In the name of the family

The breakdown of the family is the political issue of the moment. But the storm over the domestic violence and divorce bills demonstrates that political fashion makes for bad legislation. Mary Tuck explains why
December 20, 1995

It is hard to understand what motivated the Tory party's decision to withdraw the Lord Chancellor's Bill on domestic violence. The Bill was likely to have been popular with public opinion-given the known public desire to reduce violence against women.

Thankfully, it now seems likely that the provisions of the Bill will be brought back as part of the new divorce legislation to be put before the House in the coming session. For the Tories-lagging at the polls and desperate to recover electoral popularity-the publicity risks of withdrawing the Bill ultimately seemed rather larger than those of pursuing it. The Conservative party does not want to be named as the party which does not care about violence against women.

The Family Homes and Domestic Violence Bill had been preceded by the utmost possible public consultation and planning. Domestic violence accounts for about one quarter of all violent crime in the UK; nearly one quarter of all murders. And it reproduces itself. Over one third of the inhabitants of our prisons have been in care as children. Most violent criminals have themselves witnessed or experienced extreme violence as children. To prevent violent crime, now and in the future, we should first prevent violence in the family.

In 1991 I myself chaired a victim support working party on domestic violence, which brought together the police, the Law Society, the probation service, marriage guidance counsellors, doctors, victim support volunteers and many others. We all saw the same need for urgent reform; agreed on what was needed and produced a detailed report.

Domestic violence is widespread. The remedies which exist for it in current law are ill-understood and do not work. Our report made front page news in the papers, including the Daily Mail, when it was released in 1992. It was warmly welcomed on all sides and followed by a report on domestic violence issues from the Home Affairs Committee of the House of Commons, which made similar recommendations.

Bills which simply reform existing legislation are hard to find time for on the parliamentary timetable. They lack the newsy ring of proposals to privatise this or nationalise that. So there was much rejoicing when new procedures were devised by parliament-the so-called "Jellicoe" procedures-which allowed a Bill based on unanimously welcomed recommendations to find parliamentary time. The lot of battered women might actually have been improved.

But in a moral panic to beat all moral panics, the proposals of the Bill were suddenly found by the Daily Mail to threaten marriage.
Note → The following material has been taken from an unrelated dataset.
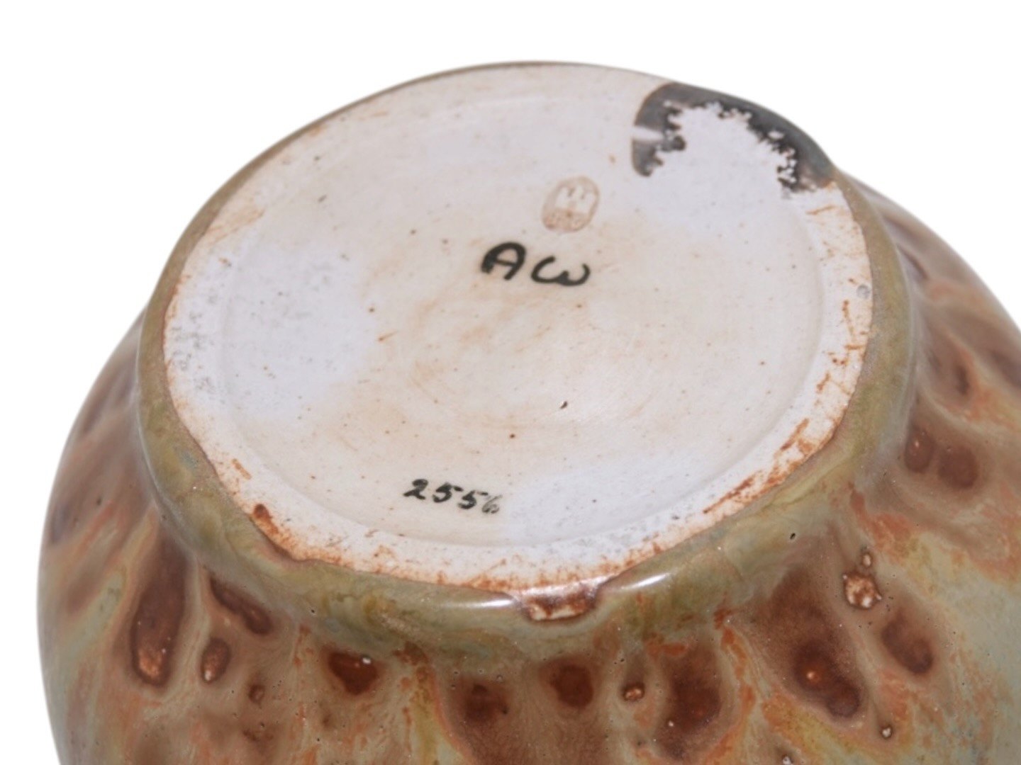 Bing & Grøndahl keramikvase, signeret AW for Hans Ancher Wolfsen (1870–1924). Wolfsen overtog Søholm i 1887 sammen med sin bror og spillede en væsentlig rolle i fabrikkens kunstneriske og håndværksmæssige udvikling.Designnummer 2556.

Of course they did not. They would simply have rationalised existing law so that those in long-standing unmarried relationships would have been able to get temporary injunctions to protect themselves from violence-as married people can. Procedures for obtaining and enforcing such injunctions through the courts would have been clarified. The range of remedies for domestic violence which are now available in civil or criminal law, to either the married or the unmarried, are complex and hard to activate. Even solicitors often do not understand the options available to the aggrieved party. It is routine for the injured party, usually the woman, to be driven with her children from the family home and thrown on the mercy of a women's refuge or of the state. The aggressor remains in sole possession of the home. This is neither good policy nor good economics. It is hard to see how it can preserve marriage.

The Daily Mail-inspired moral panic now attaches itself to the proposed reform of the divorce laws themselves. There can be a real and honourable concern that changes in the law may devalue the institution of marriage. It is tempting to leap to the conclusion that if divorce were harder, then more families would stay together and fewer children would grow up in poverty. Tempting but wrong.

We not only have the highest divorce rate in Europe but the highest number of children born out of wedlock. Fewer people are choosing to marry at all. If the form of legal contract available to govern marriage appears too rigid, then people will do without it. The number of new marriages fell by 4 per cent in the last recorded year. More and more couples no longer wish to be locked into a relationship which requires the expensive services of lawyers to break it.

Single parent families are not caused by the divorce laws. Essentially they are caused by absent men, who refuse the responsibilities of fatherhood. This is the social problem we need to solve; and tinkering with state marriage regulations has little or nothing to do with it.